Eid al-Ghadir (عید الغدیر) is a major religious festival observed by Shia Muslims on 18 Dhu al-Hijjah, the twelfth month of the Islamic calendar. It commemorates the Event of Ghadir Khumm, during which the Prophet Muhammad declared Ali his mawla in front of a large gathering of Muslims. In Shia Islam, the declaration is understood as Muhammad's designation of Ali as his successor and the first Imam. The festival is particularly significant in Shia Islam and is regarded as one of the most important religious observances.

Shia Muslims commemorate the day through prayers, sermons, religious gatherings, charitable acts, and the exchange of congratulations and gifts. Some communities also hold public celebrations and distribute food and sweets. The day is also known by several other names, including Eid al-Wilayah (“Festival of Guardianship”), Eid-e Bozorg-e Elāhi (“The Greatest Divine Eid”), Eid Ahl al-Bayt Muhammad (“The Eid of the Household of Muhammad”), Yawm al-Wilayah (“Day of Guardianship”), and Ashraf al-Aʿyād (“The Most Exalted of Festivals”).

== Religious background ==

The event of Ghadir Khumm occurred ten years after the migration (Hijrah), when the Islamic prophet Muhammad ordered his followers to call upon people everywhere to join him in his first and last pilgrimage.
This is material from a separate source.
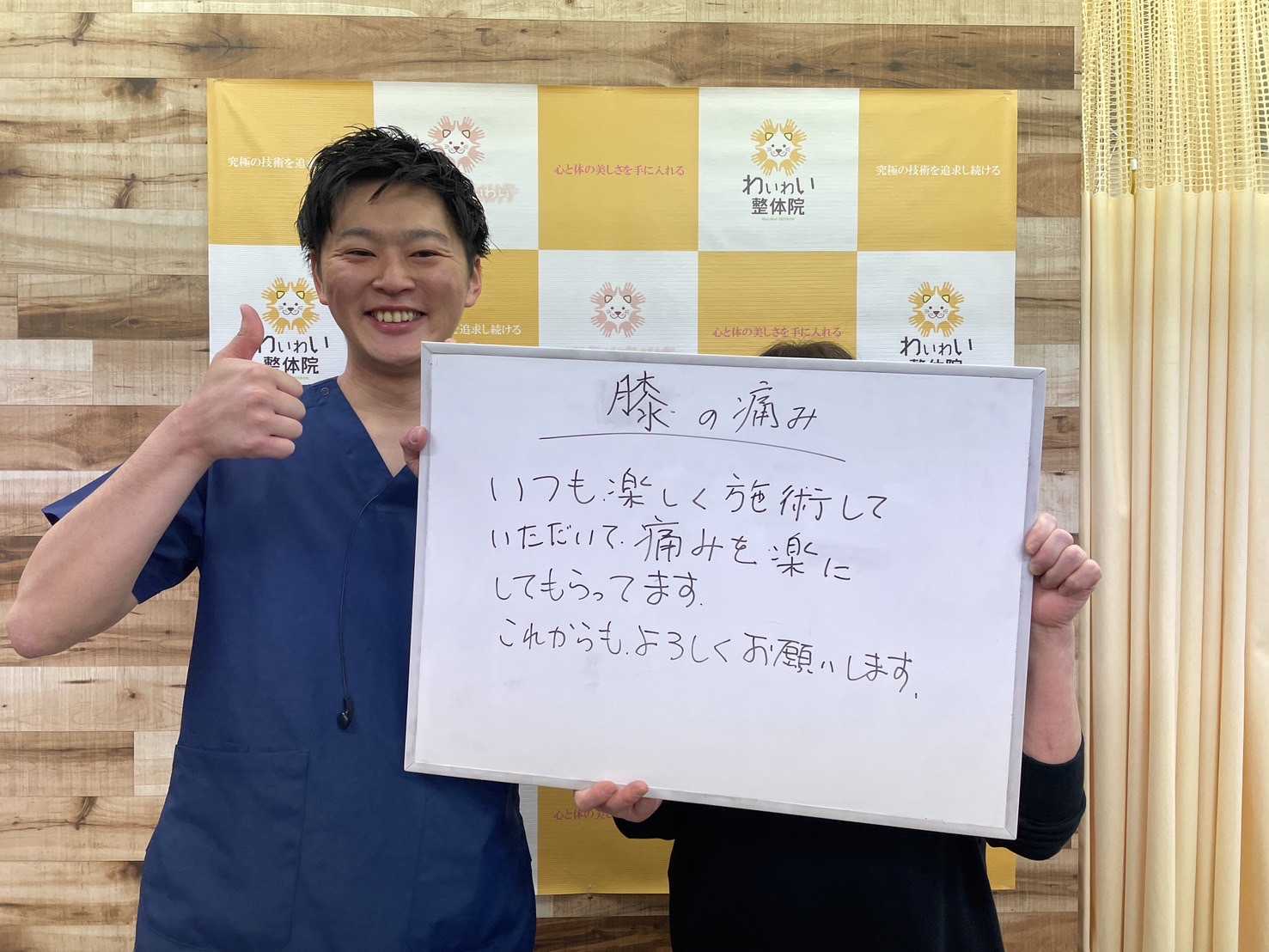 ~膝の痛み~ いつも楽しく施術していただいて痛みを楽にしてもらってます。 これからもよろしくお願いします。 ※効果には個人差があります

Islamic scholars believe more than seventy thousand people followed Muhammad on his way to Mecca, where, on the fourth day of the month of Dhu'l-Hijja, there were more than one hundred thousand Muslims present for his entry into the city.

While returning from this pilgrimage, on 18 Dhu'l-Hijja 10 AH (March 632 CE) at an area known as Ghadir Khumm, Muhammad delivered a well-known sermon during which he called up his cousin, brother, and son-in-law Ali ibn Abi Talib and declared, "for whomever I am Mawla, Ali is also their Mawla". The meaning of the word Mawla can be interpreted as "master", and thus many see the sermon as being the official designation of Ali as Muhammad's successor.
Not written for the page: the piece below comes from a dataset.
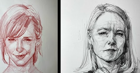 Rojo, azul, lápiz de grafito celebridad Y más retrato dibujo

As a result, the date of the sermon is considered to be one of the foundational events of Shia Islam, with the anniversary becoming one of its most important annual celebrations as "Eid al-Ghadir". To be more precise, Muhammad declared "Do I have more authority over you than you do yourselves?" They responded with "Yes oh prophet of Allah" He continued with " Then, to whomsoever I am Mawla, Ali is also their Mawla". While the meaning of the word Mawla can be interpreted as "friend" (as it has many meanings), the question asked set the context for it to be interpreted as "master" and in turn suggested “leader”.

== Celebration ==
In a hadith attributed to Muhammad recorded by Ibn Babawayh, Muhammad considers Ghadir Khum to be the best and highest of the festivals of his Ummah.
Shia Muslims throughout the world celebrate this event annually with diverse customs. It is held in different countries, including Iran, India, Pakistan, Azerbaijan, Iraq, UAE, Yemen, Afghanistan, Lebanon, Turkey, Bahrain, and Syria. Shia Muslims may also celebrate Eid Ghadir in Europe and the Americas, including the United States, Canada, United Kingdom, Germany, France.
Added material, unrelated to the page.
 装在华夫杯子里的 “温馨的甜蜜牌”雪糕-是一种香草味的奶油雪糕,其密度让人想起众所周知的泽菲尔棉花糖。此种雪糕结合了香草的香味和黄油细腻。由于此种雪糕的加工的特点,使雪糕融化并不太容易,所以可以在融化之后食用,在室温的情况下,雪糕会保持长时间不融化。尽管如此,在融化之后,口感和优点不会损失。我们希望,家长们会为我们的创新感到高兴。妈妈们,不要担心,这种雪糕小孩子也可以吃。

According to some historical accounts, the commemoration of the event of Ghadir Khum has been celebrated as a festival since the early centuries of Islam. It was first formally observed during the Buyid era, and later, during the Safavid era, Eid al-Ghadir was one of the largest religious festivals celebrated. The celebration also gained special importance during the Qajar era, as on this day, an official greeting ceremony was held with great ceremony in the court. The custom of greeting the king on this day continued during the Pahlavi era.

In 2022, a 10-km long festival was held in Tehran marking the Eid al-Ghadir ceremony, with hundreds of thousands of the people pouring out into Valiasr Street and the nearby streets.

In 2024, a massive celebration was held in multiple Yemeni provinces where fireworks, bands, and speeches were held. In recent years, Eid Al-Ghadir (known in Yemen as Yom Al-Wilaya) has been celebrated more than ever since the Zaydi Shia Government took over Yemen. Also in the same year, the Iraqi Council of Representatives declared Eid al-Ghadir to be an official public holiday, having being persuaded by National Shiite Movement leader Muqtada al-Sadr to do so.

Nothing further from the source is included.